What do you mean by video-conferencing?
Video-conferencing has been defined under Rule 3 of the Companies (Meetings of Board and its Powers) Rules, 2014. It means an audio-visual electronic communication facility enabling people to participate in a meeting effectively and communicate concurrently without an intermediary. According to Section 173, all companies can hold board meetings via video conferencing.
Can all matters be dealt with in a board meeting through video-conferencing?
No, certain matters cannot be dealt through an online board meeting, these include:
Approval of the annual financial statements.
Approving the board’s report.
Approving the prospectus.
Approval of matters related to amalgamation, merger, demerger, acquisition and takeover.
However, please note that, if the quorum is completed by the directors who are physically present, then a director can vote on the aforementioned issues via video-conferencing.
What is the procedure to conduct an online board meeting?
The following steps are involved in conducting an online board meeting:
Notice: A notice for the board meeting needs to be sent 7 days in advance to all the directors. Inter alia, the notice shall intimate the directors regarding their option to participate through video-conferencing or other audio-visual means. Directors need to confirm in advance regarding their mode of participation.
Roll call: As a board meeting commences, a roll call is taken by the chairperson. Every director who is participating through video-conferencing or other audio-visual means is required to state their name, location, a confirmation that he/she has received the agenda and that no other person has access to the meeting.

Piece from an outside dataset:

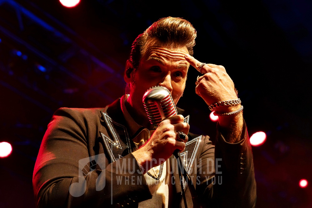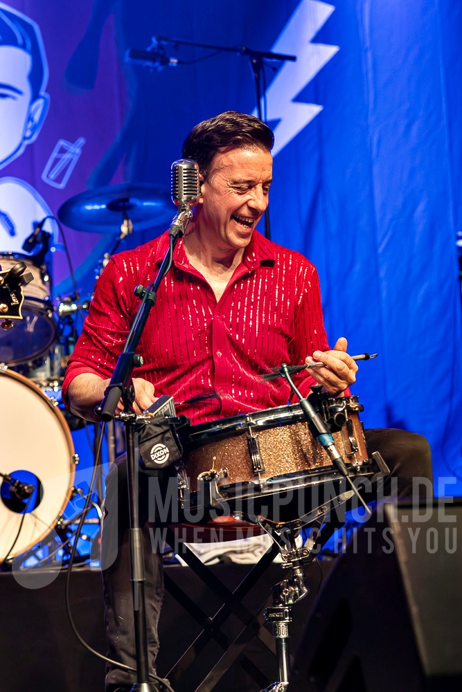 Basti, inzwischen wieder topfit, brachte mit charmanten bayerischen Einlagen zusätzliches Lokalkolorit auf die Buhne und führte mit viel Humor und Herz durch den Abend. Die Band überzeugte mit ihrer gewohnten Retro-Ästhetik: Haartollen, Lederjacken & Retromikros – der Look saß, der Sound erst recht.

Quorum: The chairperson shall record the names of all the directors present (including those attending through video-conferencing) and confirm if the required quorum is present for the board meeting to begin. Please note that as per Section 174 of the Companies Act, 2013, directors attending through video-conferencing or other audio-visual means are also included for the purposes of quorum.

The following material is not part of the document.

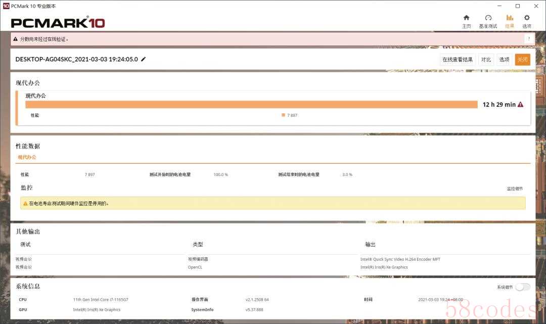 ▲这台机器在PCMark10的“现代办公”场景下取得12小时29分钟的续航成绩。

Conduct of the meeting: Typically, every item of the business should be taken up individually. Every participant is required to identify himself/herself, before speaking. If a motion is objected, then it is required that the same be put for voting. Finally, the chairperson announces the summary and decision taken on each of the issues raised.
What are the post-meeting compliances required?
Post the meeting, the minutes of the meeting need to be recorded in a minute book and circulated among all the directors within fifteen days. Every director who was present including the directors participating through video-conferencing shall confirm the accuracy of the minutes. The minutes shall be entered into a minute book and the record of the same shall be preserved.
The facility of attending board meetings through video-conferencing or other audio-visual means is available to all companies and to all persons who may be required to attend the board meetings. This provision, enables quick conduct of board meetings, without inconveniencing directors who may be in a different geographical location.